French journalists have been protesting against this blackout and, despite the dangers of reporting without army protection, have asked to be allowed closer to the front. Still, the specter of abduction looms over the press corps. “I often think about what happened to Hervé Ghesquière and Stéphane Taponier,” says Hugues Huet, special correspondent for the French public service channel France 3. Huet was referring to the two French TV journalists held captive by the Taliban for 547 days in 2010 and 2011 in Afghanistan.
The news director of France Télévisions, Thierry Thuillier, who had to manage the hostage situation, has adopted a strict policy. “The absolute rule is not to cross the front line.

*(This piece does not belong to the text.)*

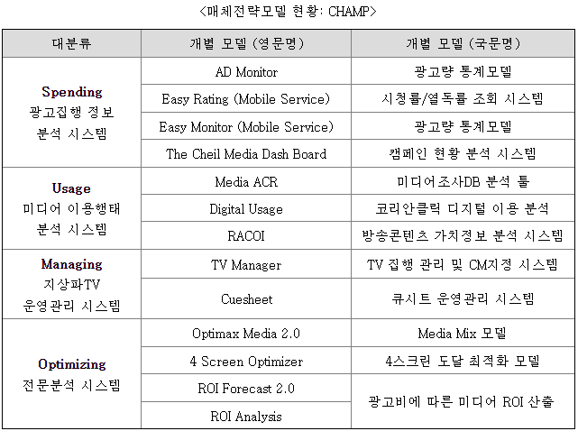 당사가 제공하는 마케팅 솔루션은 크게 광고 기획/제작, 매체(TV/라디오/옥외 등) 선정, 프로모션 대행 등으로 구분되며, 최근에는 디지털화 된 마케팅 환경속에서 소비자의 온라인 구매 패턴 분석 및 개인화 마케팅 전략 수립 등 AdTech를 활용한 솔루션 또한 제공하고 있습니다.
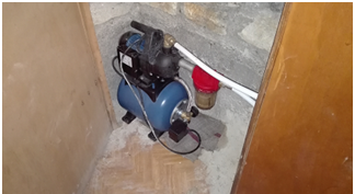 En parallèle, La maison présentant une ancienne cuve, celle-ci a été nettoyé par une société spécialisée et réutilisé pour récupérer une partie des eaux de pluies. L’eau ainsi collectée sert à alimenter les sanitaires par l’intermédiaire d’une pompe de surpression. Des filtres ont été installés en amont de la pompe et en aval (20 puis 5 microns + filtre charbon) et un ballon tampon ( que l’on ne voit pas sur la photo ) a été installé sur le réseau pour limiter les démarrages de la pompe, le tout sur un réseau distinct.

It is out of question to try to reach the rebel groups because French journalists are potential targets,” he told the daily Le Figaro. The French army has also been underlining the dangers of abduction and has warned against the adverse effects it could have on the operations and safety of French soldiers.
But many journalists claim the right to assess–and accept–risk on their own. “The military have abandoned the zero-casualty tale,” says Mari. “The tale of zero risk for journalists should also be dropped.”
Others openly express their “suspicions” about the “culture of secrecy” they perceive as surrounding the conflict in Mali. “Do they want to hide something?” asks Sylvain Cherkaoui, a photographer on assignment for the daily Le Monde. Abuses and summary executions have allegedly been committed by the Malian army in some of the towns that have been reconquered. These reports are taken seriously in Paris. If such abuses are confirmed and repeated, they might undermine the support of the French public for the military intervention.
The French operation in Mali demonstrates again that truth is the first casualty of war, but it’s also a reminder that no military force can control the message completely. A photograph by AFP’s Issouf Sanogo, showing a French soldier wearing a skull mask that emulates a character in the video game “Call of Duty,” has forced the French army to come out of the woods and condemn the soldier’s behavior as “unacceptable.”
“The army is taking a big risk in not showing images,” warns Carl Meeus of Figaro magazine. “In any case, some images will inevitably circulate and this will create a risk of boomerang because we well know that a war is never clean.”